Gordian Quest Review (OptimusPrimordial)
There are two features that make a good card game, combos and synergies, the devs seem to think the answer is number and bigger number.
In this game your character builds are defined by their stats, their equipment, their talents and their deck. Stats come in red, green and blue and affect the damage of your cards of the same colour deal. Your equipment has effects which boost your damage or boost your stats which also means your damage. Your talents are unlocked on the level up grid, the vast majority of which are a modifier which will amount to more damage.
On your level up grid you can instead pick more health or stats, a new card, removing a card, upgrading a card or empowering a card. Picking new cards would normally be the way to a more interesting deck except the game lets you see all the cards you could get, you'll be hard pressed to find cards which synergise with each other, let alone your two other characters.

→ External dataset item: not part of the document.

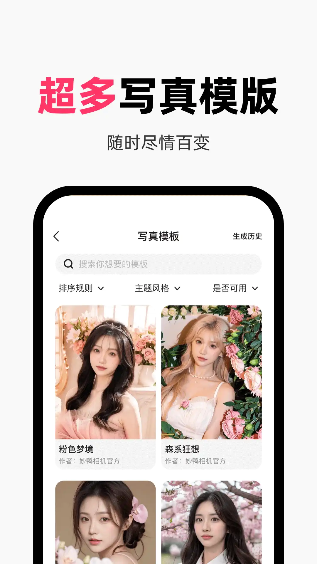 妙鸭相机免费版是一款能为用户提供丰富写真模板的手机AI拍照应用,用户可依据自身需求输入搜索条件,便能便捷获取心仪的排版,随后即可进行美美的拍摄。无论是实用的轻职场照、富有美学感的棚拍写真,还是时尚潮流的风格大片,各类风格一应俱全,可满足用户对拍照风格的全部需求。
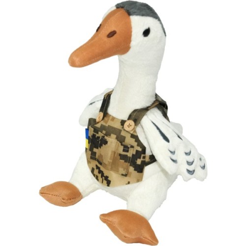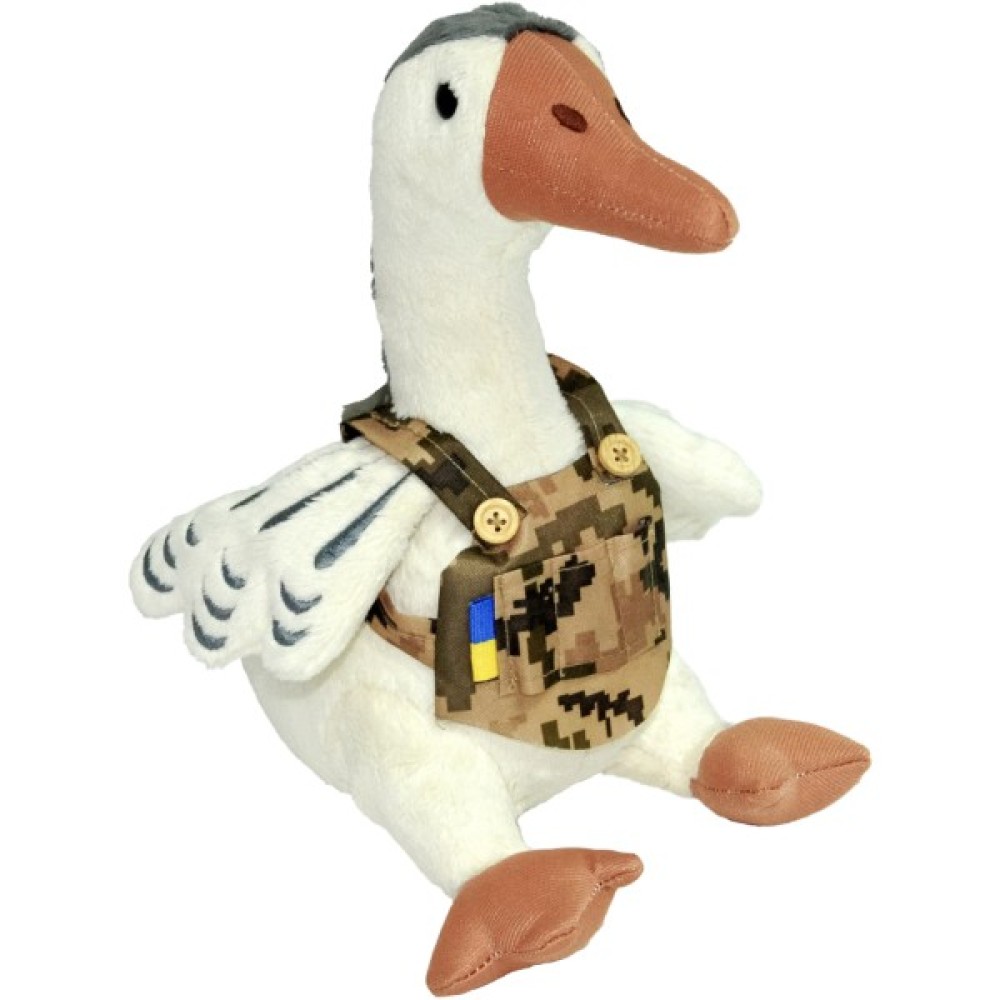 Іграшка Гусак Захисник, Tigres – дизайнерська іграшка у плитоносці Гусак одягнений в імпровізовану плитоноску, прикрашену прапором України. Крила Захисника оздоблені вишивкою. Завдяки незвичним обладункам, ця іграшка відрізняється від інших. З Захисником малюк почуватиметься в безпеці, а для дорослого – гусак стане оригінальним сувеніром.

Upgrading a card means increasing the number on the card. It never lowers the play cost, removes a limitation, adds an additional effect or improves a card beyond number going up. You can upgrade a single card 4 times for the biggest number but this has an adverse effect on your desire to create new cards since every card means you're less likely to draw the card you invested points in. Empowering a card does offer some genuine upgrades like changing an attack into an aoe or increasing its range (along with bigger number) however the game won't give you many options for this.
The game's equipment system offers a further anti-synergy by having rare equipment give you a card. You can't decide what card, the card you're given has its normal cost and effects and along with being useless to your deck strategy, might be the wrong stat colour. If you want to avoid filling your deck with bricks the dev has unwittingly created a system where rare gear will often be worse gear.
Since this is a game with lanes and movement I have to comment on that too. You don't know how many lanes will appear in a battle, might be 4 or it might be 2. If you're using characters or equipment which boosts your numbers by moving around you'll find yourself stepping on your own toes while repositioning since your normal characters have to spend a special sp point to move back into position, a point they could have spent on a more powerful card. This goes double if you play any characters which summon minions or are joined by an npc who will step off the front line to push your archer there instead.
Since the devs are on another planet from what I'm looking for in a card game I'll lay out what I'd hope to see in a subsequent game:
1. Keep the number of lanes static and let the player decide the exact position their characters will appear in the starting formation, not just the row.
2. Put an indicator over the enemy's head what their next move will be so the player can plan around it instead of having to click the enemy portrait and see what cards are in their hand.
3. Tie formation and positioning bonuses to characters and equipment not just cards. This will give the player more reason to care about gear and give the devs more room to work with than raw numbers.
4. Give characters cards which synergise with each other. This could be simple like: Rogue places bomb, wizard creates gust of air pushing enemies into bomb. Or it could be an involved combo like: Golemancer adds boulder ammo to each character as a ranged attack card. Artillery commander plays cannon which also gets the boulder as it counts as a character, forest guardian summons Wojtek the bear who reduces the cost of all ammo cards for adjacent characters to 0.
5. Dumb down your equipment system but make it meaningful. Characters don't need 13 slots of randomly generated +1 stats they need a few slots for artefacts which make a meaningful difference in game. Players of Binding of Isaac or slay the spire are familiar with this, a few effects which you can build your deck around and which synergise with each other are far more impactful than a dozen number changers. For example one artefact could cause you to reveal the top card of your deck and if its a different colour than the card you previously played an effect triggers while another could let you draw an additional card from the bottom of your deck then make you place a card on top each turn.
I know creating interesting effects and interactions is much harder to balance so it'd mean fewer modifiers, fewer stats, less equipment and fewer characters but I think that'd be to the game's benefit. I bought this game with Alina of the Arena, that position based card game only has one character with starting builds separated by the starting artefact and two alternate cards yet its gameplay was immediately more engaging as reflected by its better review score.